No entanto, tudo mudou esta semana. O escritor, judeu e residente em Nova Jersey, decidiu contribuir com uma doação simbólica de US$ 108 (cerca de R$ 632), após a universidade rejeitar uma série de exigências do governo de Donald Trump. Entre as solicitações estavam auditorias por plágio em trabalhos acadêmicos e denúncias de estudantes internacionais às autoridades federais.
Em resposta à recusa de Harvard, o governo Trump congelou US$ 2,2 bilhões em financiamentos e anunciou planos para revogar o status de isenção fiscal da universidade. O motivo alegado: a instituição não estaria fazendo o suficiente para combater o antissemitismo.
A doação de Graham-Felsen foi um gesto de resistência. O valor escolhido é um múltiplo de 18 — número que, no judaísmo, simboliza a palavra “vida”. Segundo ele, foi uma maneira de rejeitar a ideia de que o governo estaria agindo em nome dos judeus.
“Quanto mais Trump punir Harvard financeiramente, mais eu vou doar. Não sou um cara rico”, afirmou.
Ele acrescentou que outros colegas e amigos também se sentiram motivados a doar pela primeira vez, em um gesto de apoio à universidade diante das ameaças do governo.
Reações divididas entre ex-alunos e críticos
Por outro lado, a resposta de Harvard desagradou críticos da direita. Kenneth Griffin, bilionário fundador de um fundo de hedge, já havia pausado suas doações à universidade devido ao que considera uma postura passiva diante do antissemitismo.
Outro ex-aluno, Shabbos Kestenbaum, que está processando a instituição, declarou nas redes sociais:
“Harvard está enfrentando o Trump com mais força do que jamais enfrentou o antissemitismo.“
O Clube Republicano de Harvard também emitiu nota criticando a universidade, alegando que a instituição teria se recusado a “reverter a captura ideológica”, em alusão à pressão do governo.
Uma batalha que vai além de Harvard
O episódio reflete o crescente ressentimento político em torno da imagem de Harvard. Acusada por alguns de reforçar uma “meritocracia falha”, a universidade passou a ser chamada por críticos de “faculdade altamente excludente”, por exaltar suas baixas taxas de aceitação como símbolo de prestígio.
No programa The Daily Show, o apresentador Ronny Chieng comentou de forma sarcástica:
“Finalmente encontramos uma força mais poderosa do que o ódio de Trump: o amor de Harvard por enviar cartas de rejeição.”

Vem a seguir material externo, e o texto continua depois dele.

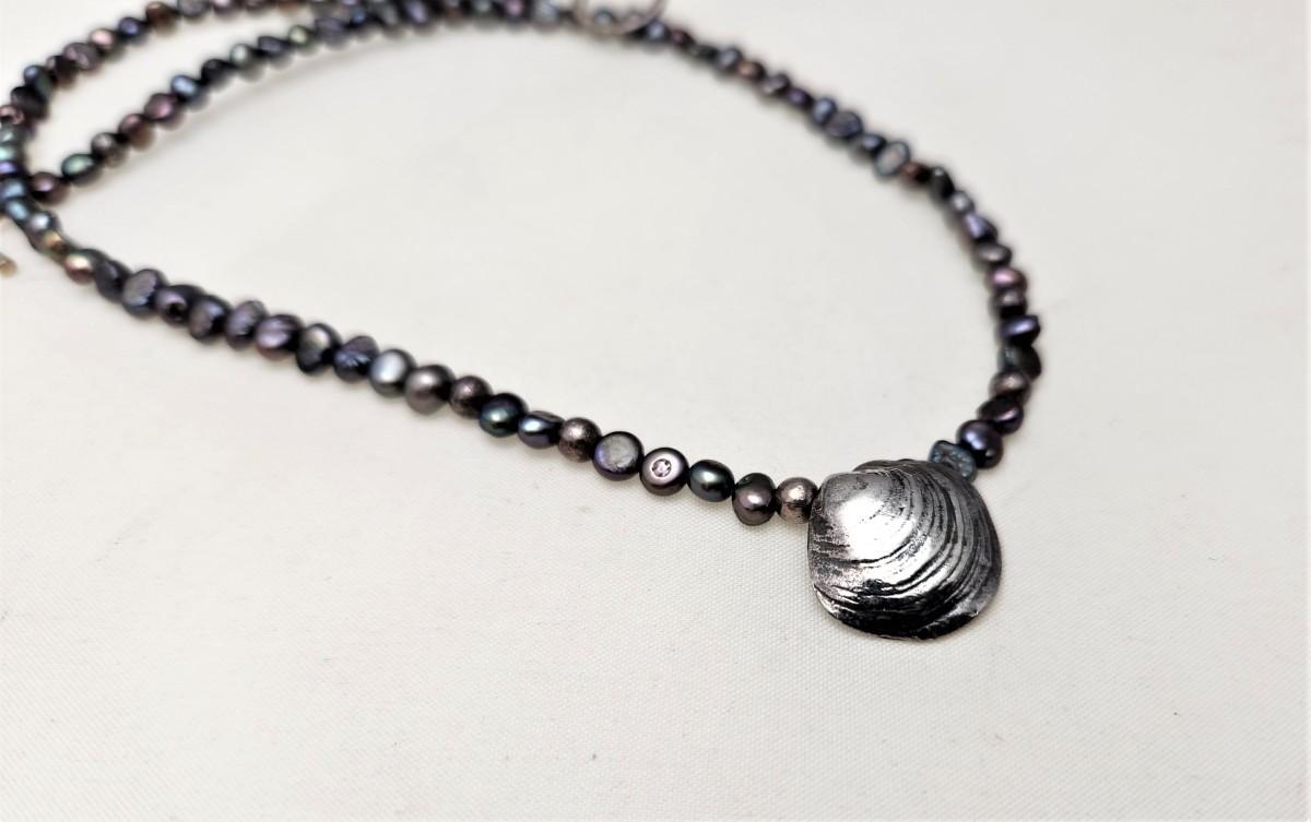 Marked Mignon Faget Sterling silver shell and natural pearl necklace. 16" long, good condition.

Apesar de reconhecerem que pequenas doações não mudarão o cenário financeiro da universidade, muitos ex-alunos consideram que o gesto tem um valor simbólico importante. “Não é mais apenas sobre Harvard”, resumiu Graham-Felsen.

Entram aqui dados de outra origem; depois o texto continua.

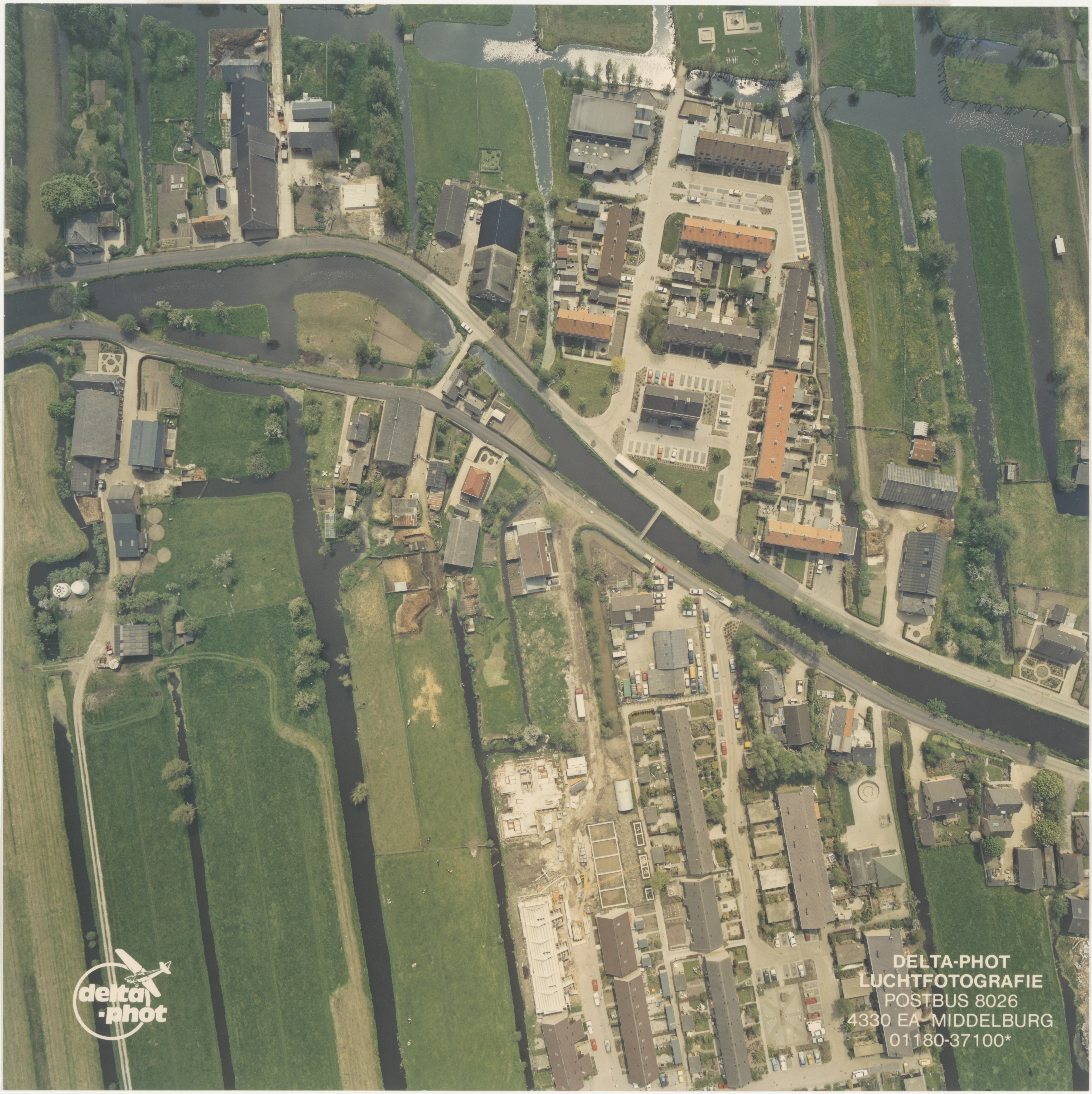 Luchtfoto Goudriaan. Midden rechts naar links Zuid en Noordzijde. Midden naar boven Raadhuisstraat gezien in zuidelijke richting.

Apoio de figuras influentes e ex-alunos famosos
Entre os que expressaram apoio à universidade estão nomes como o ex-presidente Barack Obama, os senadores Chuck Schumer e Bernie Sanders, e o professor emérito Laurence Tribe. Todos elogiaram a postura firme da universidade frente às pressões governamentais.
“É um caso maior do que Harvard”, disse Gil Pimentel, formado em 1984, que doou US$ 100 (R$ 585) após ler uma reportagem sobre a declaração do presidente interino da universidade, Alan Garber.

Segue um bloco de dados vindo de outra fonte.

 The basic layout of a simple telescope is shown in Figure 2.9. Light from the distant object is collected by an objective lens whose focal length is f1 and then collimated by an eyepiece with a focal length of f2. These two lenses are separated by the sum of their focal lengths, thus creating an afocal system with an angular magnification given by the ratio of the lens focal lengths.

Pimentel enviou uma mensagem para cerca de 400 colegas de turma incentivando doações, incluindo nomes como o ex-secretário de Estado Antony Blinken, o advogado George Conway e a historiadora Heather Cox Richardson. Sua mensagem tinha o título “Lute Ferozmente, Harvard!”, reforçando que, mesmo sendo uma fração irrelevante para o orçamento da universidade, a doação representa apoio moral e político.
“Se o governo puder esmagar seus inimigos percebidos sem o devido processo ou respeito à legalidade, nossa democracia acabou”, concluiu Pimentel.